**Problem to work on**.
Consider the listing below. Extract exactly the lines from the line containing "Nach etwas über" to the line containing "הכוכב הבהיר מימין", both included.

**Records for this exercise**.
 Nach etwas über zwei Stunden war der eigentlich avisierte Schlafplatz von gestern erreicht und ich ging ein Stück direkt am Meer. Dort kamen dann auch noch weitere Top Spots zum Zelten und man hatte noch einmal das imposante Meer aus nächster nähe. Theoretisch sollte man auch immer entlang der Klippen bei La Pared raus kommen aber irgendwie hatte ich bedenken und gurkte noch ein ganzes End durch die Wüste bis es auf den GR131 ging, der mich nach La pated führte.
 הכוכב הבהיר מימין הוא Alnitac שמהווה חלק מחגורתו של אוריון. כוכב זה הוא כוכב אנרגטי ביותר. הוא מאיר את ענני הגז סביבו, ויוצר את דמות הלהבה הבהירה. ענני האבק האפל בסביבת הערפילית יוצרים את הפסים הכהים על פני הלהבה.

---

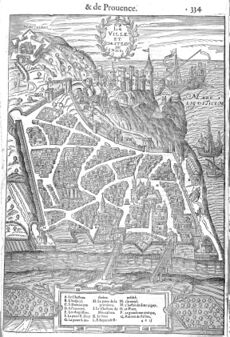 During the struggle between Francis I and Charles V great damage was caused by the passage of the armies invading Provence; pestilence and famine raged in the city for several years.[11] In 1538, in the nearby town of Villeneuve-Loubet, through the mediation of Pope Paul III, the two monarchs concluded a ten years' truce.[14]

**Exercise solution**.
 Nach etwas über zwei Stunden war der eigentlich avisierte Schlafplatz von gestern erreicht und ich ging ein Stück direkt am Meer. Dort kamen dann auch noch weitere Top Spots zum Zelten und man hatte noch einmal das imposante Meer aus nächster nähe. Theoretisch sollte man auch immer entlang der Klippen bei La Pared raus kommen aber irgendwie hatte ich bedenken und gurkte noch ein ganzes End durch die Wüste bis es auf den GR131 ging, der mich nach La pated führte.
 הכוכב הבהיר מימין הוא Alnitac שמהווה חלק מחגורתו של אוריון. כוכב זה הוא כוכב אנרגטי ביותר. הוא מאיר את ענני הגז סביבו, ויוצר את דמות הלהבה הבהירה. ענני האבק האפל בסביבת הערפילית יוצרים את הפסים הכהים על פני הלהבה.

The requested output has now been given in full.